We started out just adding to the model definition:
id = models.BigIntegerField(unique=True, primary_key=True)
Previously, we had not had a column called ‘id’, but used the one Django made one for us automatically. Unfortunately, adding the column caused Django to prepare INSERT
statements differently. With the explicit id = models.BigIntegerField(..)
, Django will format an insert to say:
INSERT INTO api_event(id, message, ...) VALUES
(null, 'the message', ...),
(null, 'another message', ...);
This is different from omitting the column (as Django did before adding the explicit column) or using the default
keyword in place of null
. Postgres rejects this insert, because id
has a NOT NULL
constraint.
So we made a migration without changing the Django model:
This actually was going to work fine. I ran this locally, and started it on the dev server. Problem was: it was going to take about an hour, holding an exclusive lock on the event table the whole time. That wasn’t going to fly.
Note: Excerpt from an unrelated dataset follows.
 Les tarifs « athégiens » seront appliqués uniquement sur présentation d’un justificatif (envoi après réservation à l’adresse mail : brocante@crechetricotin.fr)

After some more research, we found a stackoverflow post that looked like exactly our situation (no foreign keys pointing to the id we’re changing): http://stackoverflow.com/a/33509181/1586229 We copied that solution and tried it on the dev server.
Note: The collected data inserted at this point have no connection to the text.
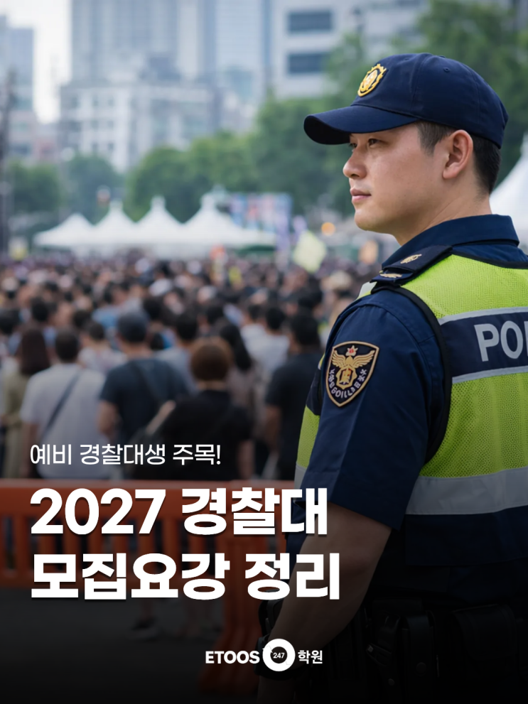 안녕하세요! 이투스247학원 공식 블로그입니다. 2027학년도 경찰대학교 모집요강이 드디어 공개됐는데요! 지원 접수 일정을 포함한 1, 2차 시험 그리고 제출 서류는 어떤 것이 있는지 지금 바로 확인하시죠! 2027학년도 경찰대 모집인원 및 지원 자격! 2027학년도 경찰대 입학 정원은 남녀 통합, 학과 구분 없이 단일 모집 단위로 운영되는데요! 일반전형은 44명, 특별전형은 농어촌 3명, 한마음 무궁화 3명으로 운영, 총 50명을 모집합니다. 또한 일반 및 특별전형에서 미충원이 발생할 경우 다른 전형 예비순위자 중 성적 우수자를 충원하는 점 참고해 주세요! 2027학년도 경찰대 지원 자격은 입학년도 기준 17세 이상 42세 미만인 사람, 그리....... <img src="https://blogthumb.pstatic.net/MjAyNjA0MjNfMTY3/MDAxNzc2OTI0OTc0NDMy.6prEZt-ATUrc2fXu1ZHUnfh5xl3-p3sTBizKlzLiXGsg.oVsXKyEJRoQWLF1u7aytwpj71Bj039aJeDeCfFu2P1wg.PNG/1.png?type=s3" />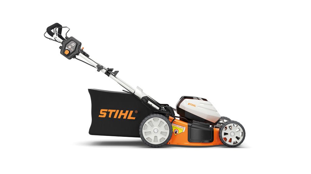The STIHL RMA 460 V is the first self-propelled lawn mower in the AK System. Allowing for self-propelling speeds from 0.6 mph to 2.8 mph with the slide of a lever, the RMA 460 V provides smooth and convenient operation that adjusts to conserve energy and optimize run time. With a 19” steel mowing deck and a 15.85-gallon grass bag, homeowners can enjoy a wide cutting path and the ability to minimize stops needed for emptying. A great fit for small to midsize yards, the RMA 460 V conserves battery and extends run time by automatically reducing power when mowing through light grass and increasing power in taller or thicker grass.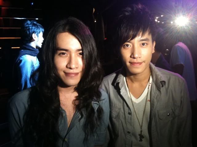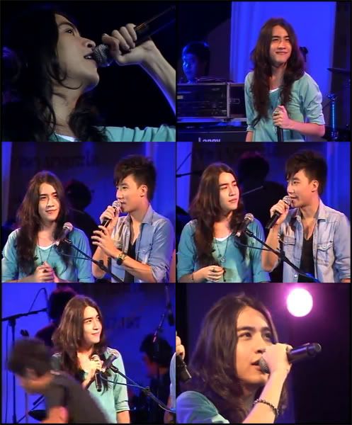ก็คุยกันนิดหน่อย เห็นผมพี่ซินสวยเลยตะโกนถามไปว่า พี่ซินใช้แชมพูยี่ห้ออะไร แต่พี่ซินวกเข้าขายของต่อ เพื่อนเราก็ฮาไป ไม่ได้ว่าอะไรเข้าใจว่ามันถ่ายทอดสดเลยบอกไม่ได้ พี่ซินก็แนะนำว่าพี่นัทใจหล่อ เราก็เลยแหกปากอีกรอบว่า"หน้าก็หล่อ" พี่นัทหันมายิ้มให้และก็"ขอบคุณครับ" แบบว่าตอนนั้นละลายกองไปกะพื้นเรียบร้อยแล้ว 55 แล้วก็ร้องเพลงต่อถ้าจำไม่ผิดก็น่าจะเพลงรักแท้ ลอง แล้วก็ปิดท้ายด้วยเบา เบา พอเบาจบก็ชวนเพื่อนฝ่าคนดูออกไปรอขอลายเซ็นต์ ออกไปรอตรงรถตู้ของศลป.ซึ่งอยู่ข้างๆเต็นท์ที่พักของศลป. รอไปซักพักก็ยังไม่ออกมา แฟนคลับก็เริ่มตะโกนเรียก พี่สต๊าฟเดินออกมาบอกว่าแป๊ปนึง เดี๋ยวออกมา เราก็รอกันไปประมาณ 15นาที พี่นัทก็เดินออกมาก่อนก็รีบขอลายเซ็นต์ ถ่ายรูปไปตามระเบียบ แล้วพี่ซินก็เดินออกมา แต่เดินไปหางแฟนคลับอีกทางนึง เราก็ไม่เป็นไรเพราะเรายืนอยู่ตรงทางออกข้างๆรถตู้ของพี่เค้าพอดี รอสักพักพี่ซินก็ยังไม่มาก็เลยถามว่า ทางออกมีทางเดียวใช่มั้ย เพราะอีกด้านกั้นรั้วไว้ แต่การ์ดตอบมาว่า ทางนู้นก็ออกได้ ถ้ายกรั้วออก-*- เราก็รอต่อไปอย่างมีหวังสักพักแฟนคลับทางนั้นเบาบางลง ก็คิดว่าคงจะออกมาแล้ว ก็เตรียมปากกาไว้ให้เซ็นต์ซีดี แต่พอพี่ซินออกมาการ์ดก็ไปรุมพี่ซินคนเดียวเพราะพี่นัทขึ้นรถไปแล้ว ก็นึกว่าจะให้มาเว็นต์ให้แฟนคลับแต่ไม่ใช่เลย พอใกล้ถึงแฟรคลับพี่ซินเอื้อมมือจะเซ็ฯต์ให้แต่ถูกพี่สต๊าฟลากตัวไป พี่ซินเหมือนจะยื้อตัวเองไว้แล้วแฟนคลับก็ยื้อพี่ซินไว้ สต๊าฟเลยกระชากพี่ซินขึ้นรถไปเลย เราก็สงสารพี่ซินเลยไมม่ยื้อไว้เพราะสต๊าฟกระชากแรงมาก กลัวพี่ซินเจ็บ พอเข้ารถไปนั้งข้างพี่นัทก็บ้ายบายแฟนคลับแล้วก็กลับไป เราก็แอบเสียดายเล็กๆที่ไม่ได้ลายเซ็นต์พี่ซิน แต่แค่นี้ก็คุ้มแล้วค่ะ^^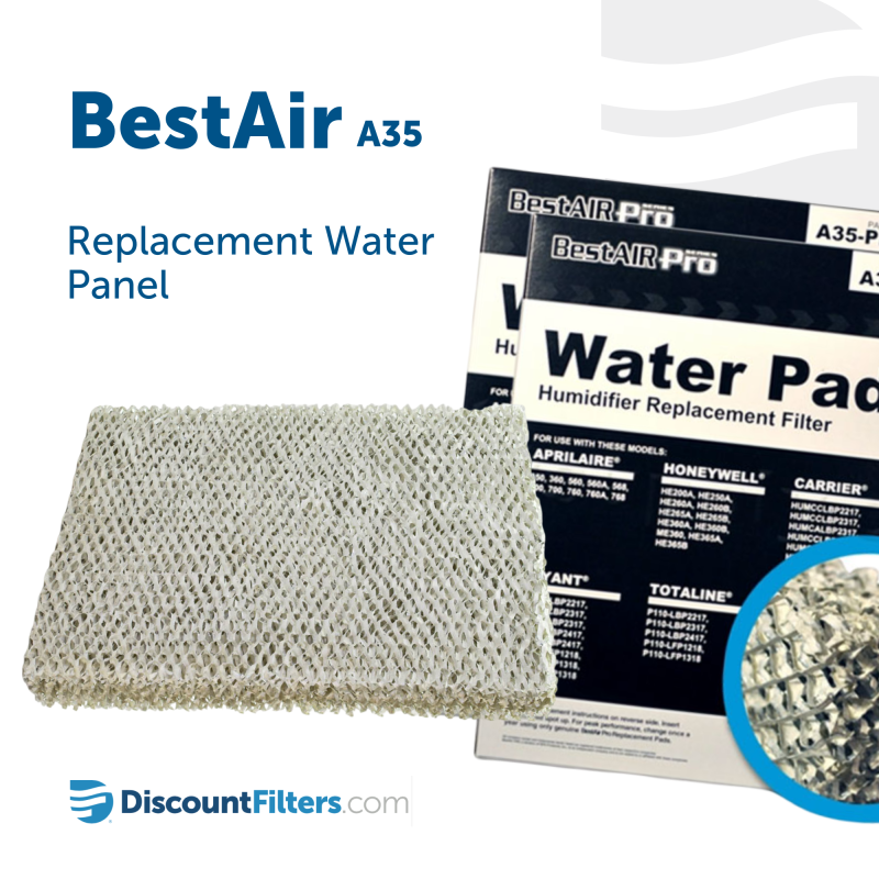 This replacement evaporator pad is also called a "filter" or "water panel". The water panel captures water as hot, dry air from your furnace blows across it, providing comfortable, humid air to your home. This product serves as a replacement for many brands and models (see list below)

At this point, we ran into another hiccup. We were running our migrations via a heroku run -x python manage.py migrate --noinput
, and the connection kept timing out before our migration was through. So we made the migration re-entrant safe. Each time we ran migrations, it would do as much work as it could, but always leave the database in a consistent state — with a new_id
either null or equal to id
. Then, we’d do the final renaming of columns inside a transaction. Here’s what that looked like:
# -*- coding: utf-8 -*-
from __future__ import unicode_literals
from django.db import migrations
# http://stackoverflow.com/a/33509181/1586229
def change_id_col_concurrently(apps, schema_editor):
"""
We see this migration timing out on dev, so we're making it re-entrant safe.
The hope is that we can make progress on each time we run.
(our progress is preserved because we've exited the atomic block).
"""
schema_editor.atomic.__exit__(None, None, None)
with schema_editor.connection.cursor() as c:
c.execute('''
SELECT column_name
FROM information_schema.columns
WHERE table_name='api_event' and column_name='new_id';
''')
column_exists = len(c.fetchall()) > 0
if not column_exists:
schema_editor.execute('ALTER TABLE api_event ADD COLUMN new_id bigint;')
with schema_editor.connection.cursor() as c:
c.execute('SELECT min(id), max(id) FROM api_event WHERE new_id IS NULL')
min_id, max_id = c.fetchall()[0]
if min_id is not None and max_id is not None:
for low in xrange(min_id, min(max_id, 2**31 - 1), 10000):
schema_editor.execute(
'''UPDATE api_event SET new_id = id WHERE id between %(low)s and %(high)s''',
dict(low=low, high=low + 10000))
schema_editor.execute('DROP INDEX IF EXISTS api_event_pk_idx')
schema_editor.execute('CREATE UNIQUE INDEX CONCURRENTLY api_event_pk_idx ON api_event(new_id);')
schema_editor.execute('''
BEGIN;
ALTER TABLE api_event DROP CONSTRAINT api_event_pkey;
CREATE SEQUENCE api_event_new_id_seq;
ALTER TABLE api_event ALTER COLUMN new_id SET DEFAULT nextval('api_event_new_id_seq'::regclass);
UPDATE api_event SET new_id = id WHERE new_id IS NULL;
ALTER TABLE api_event ADD CONSTRAINT api_event_pkey PRIMARY KEY USING INDEX api_event_pk_idx;
ALTER TABLE api_event DROP COLUMN id;
ALTER TABLE api_event RENAME COLUMN new_id to id;
ALTER SEQUENCE api_event_new_id_seq RENAME TO api_event_id_seq;
SELECT setval('api_event_id_seq', (SELECT max(id) FROM api_event));
COMMIT;
''')
class Migration(migrations.Migration):
dependencies = [
('api', '0048_create_stage_interval'),
]
operations = [
migrations.RunPython(change_id_col_concurrently),
]